More importantly, we've heard from list members whose family members have clemency petitions in that not only have their loved ones not been released, they haven't even heard back from the office with any decision, not even a "no." If I remember correctly, FAMM has charged that the backlog in the office is literally in the thousands.

Come on George, I've said it before, and I'm saying it again -- WE WANT PARDONS!!!!

Drug War Issues Clemency
Politics & Advocacy Executive Branch

There are more

Actually, that's not a complete list of the drug offenders pardoned/commuted by Bush.

http://ap.google.com/article/ALeqM5i9XadTvxLoZX6crig6QD5e4-U3TwD8TFKBP00

Has anybody noticed that there seems to be a slight turning of the tide in the WoD? I wonder what's going on.

What's going on??? To get a pardon

Who do you have to know? And how much does it cost? Why do Prez's pardon anyway? Must be the $$$$. Turning tide?... a sea change ,a reversal of the pendulum,a blowin' in the wind?...yeah, but ... I do notice that "news" now shows both sides more often. The playing field is leveling some, as compared to say...2003. Maybe 2009 will see layoffs within the ONDCP. LEAP has been a huge help,I think. Whistleblowers are good. The firsthand knowledge speakers are like gravity...hard to beat.

Yay! No more pardons!

I want a pardon. I have a certificate of rehabilitation, but I want a pardon. I now see the importance of having the right to own guns, and my certificate doesn't restore that right to me. I want a full pardon. But wait!
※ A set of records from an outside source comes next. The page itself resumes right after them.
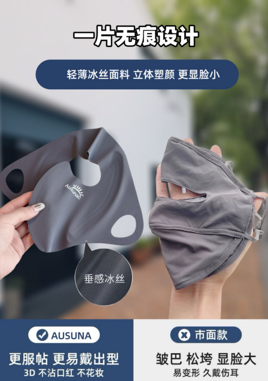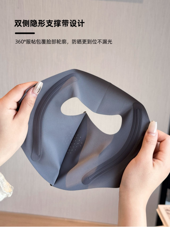3D立体裁剪+隐形软骨支撑结构 不仅防晒,还美观显脸小 无感耳挂结构+透气口鼻区域设计 解决“闷、勒、不透气”痛点 不是单纯的面罩 而是一款从穿戴逻辑到脸部舒适感受 都全面进阶的“防晒武器”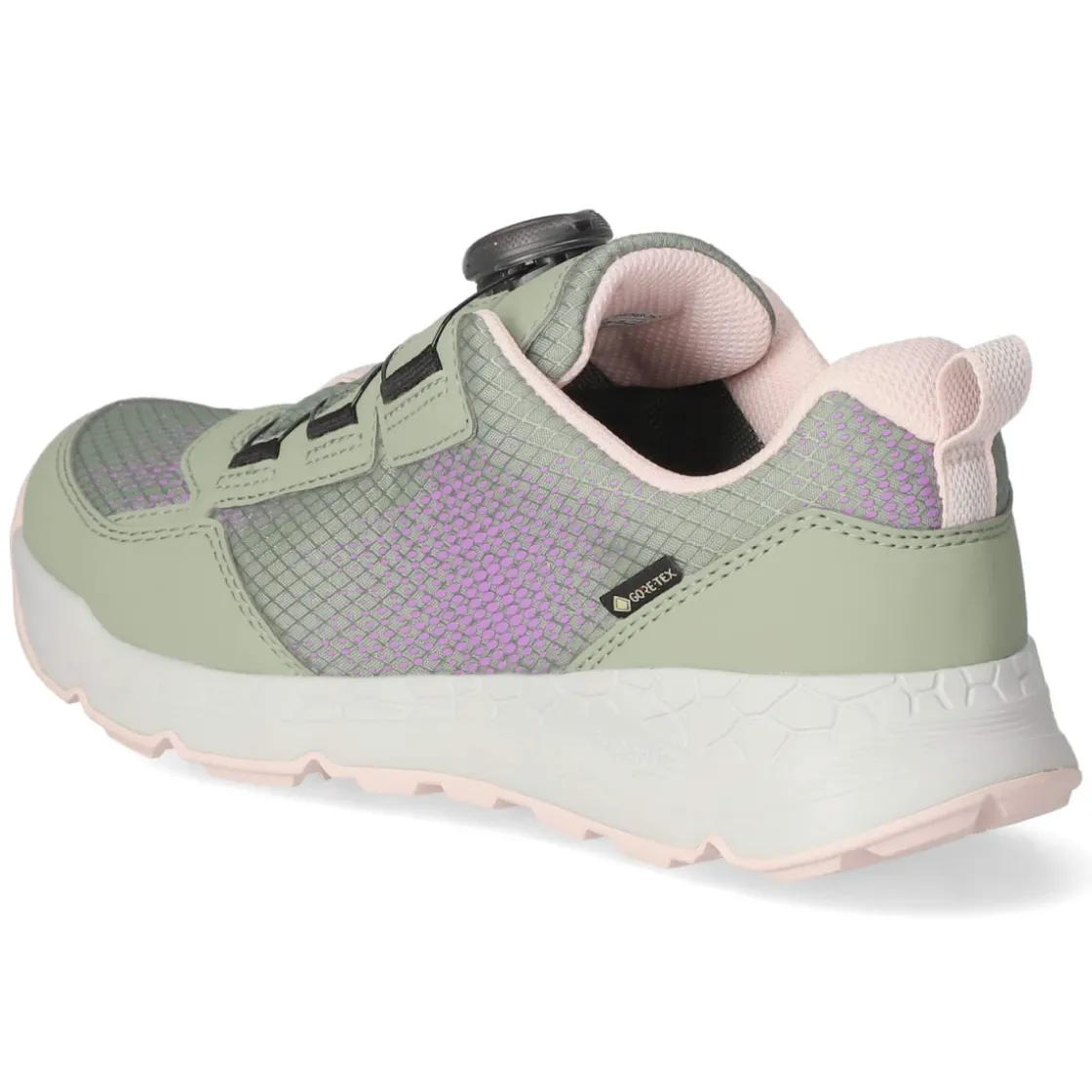 Der Outdoorschuh FREE RIDE von Superfit begleitet kleine Entdecker zuverlässig durch wechselhaftes Wetter. Das robuste Obermaterial aus Textil und Synthetik wird von einer Gore‑Tex Membran geschützt, die dauerhaft wasserfest und atmungsaktiv ist. Ein flexibler Schnellverschluss ermöglicht rasches Fixieren, während Anziehlasche und gepolsterter Einstieg das Hineinschlüpfen erleichtern. Der verstärkte Zehen- und Fersenbereich bietet zusätzlichen Schutz, die rutschhemmende, flexible Laufsohle sorgt für Trittsicherheit auf nassem Untergrund. Innen punktet ein gepolstertes, herausnehmbares Wechselfußbett mit angenehmem Komfort. In frischem Grün mit lilafarbenen Punkten und runder Spitze fügt sich der Schuh spielerisch in den Alltag ein. Die Passform fällt normal aus, Weite Mittel. Modetipp: Kombiniert mit Softshelljacke und Funktionshose in Lila- oder Grüntönen entsteht ein harmonischer Outdoor-Look.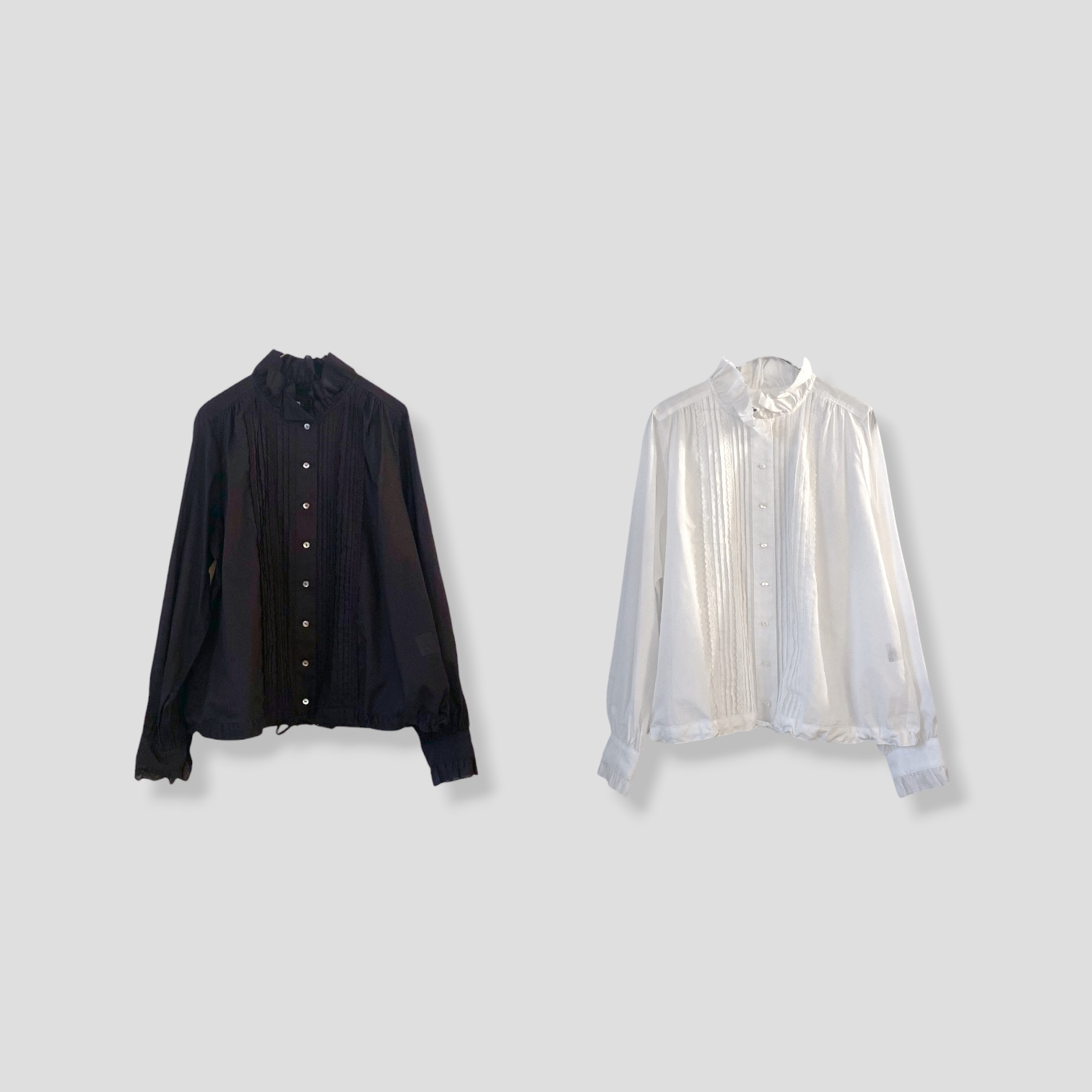 身頃はコットンピンタックで襟と袖口は同じ素材の可愛いフリルになっています。

I don't need one now! The advances in criminology have removed the need of denying an ex-felon gun ownership, the ballistic/forensic science has made the use of guns in successful crimes almost non-existent. They even want to put ID imprints on shell cartridges now, there is just no way to use a gun in a successful crime.

Now then, due to this there is no need to deny an ex-con the right to keep and bear arms. He wouldn't be stupid enough to use one in a crime, he knows that he'd be immediately caught. So, thanks to science, the requirement to have a full pardon to purchase guns is gone, an ex-felon need only gain a certificate of rehabilitation to prove his re-entrance to citizen land, to prove his worth to society. The same science that led to trigger locks and the like has also led to the end of an antiquated form of punishment, the "pardon." Which, by the way, is something very few felons see.

Who needs a pardon? No one I know. A certificate of rehabilitation is good, but rare, also (I got one but I'm not really guilty. That helped, I guess, but to get a certificate or pardon you have to be guilty. I'm not guilty, so maybe I'm not supposed to have it, but I'm not giving it back). So maybe the new requirement for gun ownership is just getting off of parole. Yay!